= Data excerpts =

○ ○ ○ ○ ○ ○ ○

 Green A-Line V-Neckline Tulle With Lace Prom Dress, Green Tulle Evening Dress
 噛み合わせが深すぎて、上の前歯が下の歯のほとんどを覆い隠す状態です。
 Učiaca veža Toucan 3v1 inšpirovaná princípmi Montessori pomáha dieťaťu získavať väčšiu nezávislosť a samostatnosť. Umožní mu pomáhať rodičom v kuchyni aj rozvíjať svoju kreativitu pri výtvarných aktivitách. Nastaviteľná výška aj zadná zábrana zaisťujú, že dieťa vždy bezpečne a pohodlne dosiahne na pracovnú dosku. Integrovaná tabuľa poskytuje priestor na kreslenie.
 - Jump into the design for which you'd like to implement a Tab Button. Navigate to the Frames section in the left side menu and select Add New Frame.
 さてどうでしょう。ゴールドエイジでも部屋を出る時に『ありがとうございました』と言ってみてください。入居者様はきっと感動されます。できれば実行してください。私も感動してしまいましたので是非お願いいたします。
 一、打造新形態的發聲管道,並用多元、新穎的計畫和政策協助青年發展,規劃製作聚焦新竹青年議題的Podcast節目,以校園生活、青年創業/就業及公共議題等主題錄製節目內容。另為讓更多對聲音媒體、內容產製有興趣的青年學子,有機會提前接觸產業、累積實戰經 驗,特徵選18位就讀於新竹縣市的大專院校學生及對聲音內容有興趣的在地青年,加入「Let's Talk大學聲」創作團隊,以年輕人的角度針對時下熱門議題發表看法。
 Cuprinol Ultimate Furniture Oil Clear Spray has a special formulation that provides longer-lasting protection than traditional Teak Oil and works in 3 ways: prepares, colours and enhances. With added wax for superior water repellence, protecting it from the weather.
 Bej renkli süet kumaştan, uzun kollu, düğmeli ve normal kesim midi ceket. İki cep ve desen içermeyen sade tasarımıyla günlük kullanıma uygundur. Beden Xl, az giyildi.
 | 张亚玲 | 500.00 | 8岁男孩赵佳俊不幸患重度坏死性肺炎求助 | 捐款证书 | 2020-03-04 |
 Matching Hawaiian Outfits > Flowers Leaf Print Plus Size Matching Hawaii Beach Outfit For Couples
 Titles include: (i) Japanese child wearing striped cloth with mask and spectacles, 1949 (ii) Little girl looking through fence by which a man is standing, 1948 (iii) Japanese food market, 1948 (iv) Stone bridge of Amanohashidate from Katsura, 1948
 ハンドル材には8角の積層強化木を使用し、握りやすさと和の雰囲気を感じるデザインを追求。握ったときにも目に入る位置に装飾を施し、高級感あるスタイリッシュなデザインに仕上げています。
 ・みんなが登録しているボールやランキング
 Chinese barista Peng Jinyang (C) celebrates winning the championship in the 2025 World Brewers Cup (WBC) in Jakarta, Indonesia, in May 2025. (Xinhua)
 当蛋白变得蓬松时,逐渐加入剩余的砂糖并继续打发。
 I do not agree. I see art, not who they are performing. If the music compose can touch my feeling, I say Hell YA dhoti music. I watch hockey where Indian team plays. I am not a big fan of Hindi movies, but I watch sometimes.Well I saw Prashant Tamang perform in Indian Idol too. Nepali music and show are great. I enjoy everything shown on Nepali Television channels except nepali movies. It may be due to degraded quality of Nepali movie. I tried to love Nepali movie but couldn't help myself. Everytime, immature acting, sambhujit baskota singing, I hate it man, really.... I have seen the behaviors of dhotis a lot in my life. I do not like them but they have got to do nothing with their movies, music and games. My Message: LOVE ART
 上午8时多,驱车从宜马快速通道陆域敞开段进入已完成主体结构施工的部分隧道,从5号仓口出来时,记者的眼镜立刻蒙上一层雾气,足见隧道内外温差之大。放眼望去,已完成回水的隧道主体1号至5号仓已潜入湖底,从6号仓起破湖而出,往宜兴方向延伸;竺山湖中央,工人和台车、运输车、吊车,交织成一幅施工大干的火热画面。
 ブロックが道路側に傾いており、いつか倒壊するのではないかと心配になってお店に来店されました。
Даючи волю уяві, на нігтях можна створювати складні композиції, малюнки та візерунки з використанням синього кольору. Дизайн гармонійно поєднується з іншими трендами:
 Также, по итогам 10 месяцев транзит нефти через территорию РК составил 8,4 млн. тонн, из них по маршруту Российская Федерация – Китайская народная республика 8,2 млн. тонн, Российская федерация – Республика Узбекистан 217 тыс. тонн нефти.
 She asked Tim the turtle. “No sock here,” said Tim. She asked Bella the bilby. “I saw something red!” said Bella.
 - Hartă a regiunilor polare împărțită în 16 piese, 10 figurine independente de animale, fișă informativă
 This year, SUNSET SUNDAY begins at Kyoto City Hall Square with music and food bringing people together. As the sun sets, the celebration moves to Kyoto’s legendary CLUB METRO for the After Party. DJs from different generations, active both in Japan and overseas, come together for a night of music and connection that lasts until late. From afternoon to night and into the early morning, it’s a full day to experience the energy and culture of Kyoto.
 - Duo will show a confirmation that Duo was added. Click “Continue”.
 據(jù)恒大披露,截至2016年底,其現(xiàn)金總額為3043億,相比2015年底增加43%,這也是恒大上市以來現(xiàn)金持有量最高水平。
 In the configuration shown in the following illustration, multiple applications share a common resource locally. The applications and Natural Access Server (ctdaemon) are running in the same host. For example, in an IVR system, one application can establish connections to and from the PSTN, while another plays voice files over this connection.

○ ○ ○ ○ ○ ○ ○

An exact copy of the lines above between the line holding "Cuprinol Ultimate Furniture" and the line holding "当蛋白变得蓬松时,逐渐加入剩余的砂糖并继续打发。", inclusive, is the whole answer.

= The answer =
 Cuprinol Ultimate Furniture Oil Clear Spray has a special formulation that provides longer-lasting protection than traditional Teak Oil and works in 3 ways: prepares, colours and enhances. With added wax for superior water repellence, protecting it from the weather.
 Bej renkli süet kumaştan, uzun kollu, düğmeli ve normal kesim midi ceket. İki cep ve desen içermeyen sade tasarımıyla günlük kullanıma uygundur. Beden Xl, az giyildi.
 | 张亚玲 | 500.00 | 8岁男孩赵佳俊不幸患重度坏死性肺炎求助 | 捐款证书 | 2020-03-04 |
 Matching Hawaiian Outfits > Flowers Leaf Print Plus Size Matching Hawaii Beach Outfit For Couples
 Titles include: (i) Japanese child wearing striped cloth with mask and spectacles, 1949 (ii) Little girl looking through fence by which a man is standing, 1948 (iii) Japanese food market, 1948 (iv) Stone bridge of Amanohashidate from Katsura, 1948
 ハンドル材には8角の積層強化木を使用し、握りやすさと和の雰囲気を感じるデザインを追求。握ったときにも目に入る位置に装飾を施し、高級感あるスタイリッシュなデザインに仕上げています。
 ・みんなが登録しているボールやランキング
 Chinese barista Peng Jinyang (C) celebrates winning the championship in the 2025 World Brewers Cup (WBC) in Jakarta, Indonesia, in May 2025. (Xinhua)
 当蛋白变得蓬松时,逐渐加入剩余的砂糖并继续打发。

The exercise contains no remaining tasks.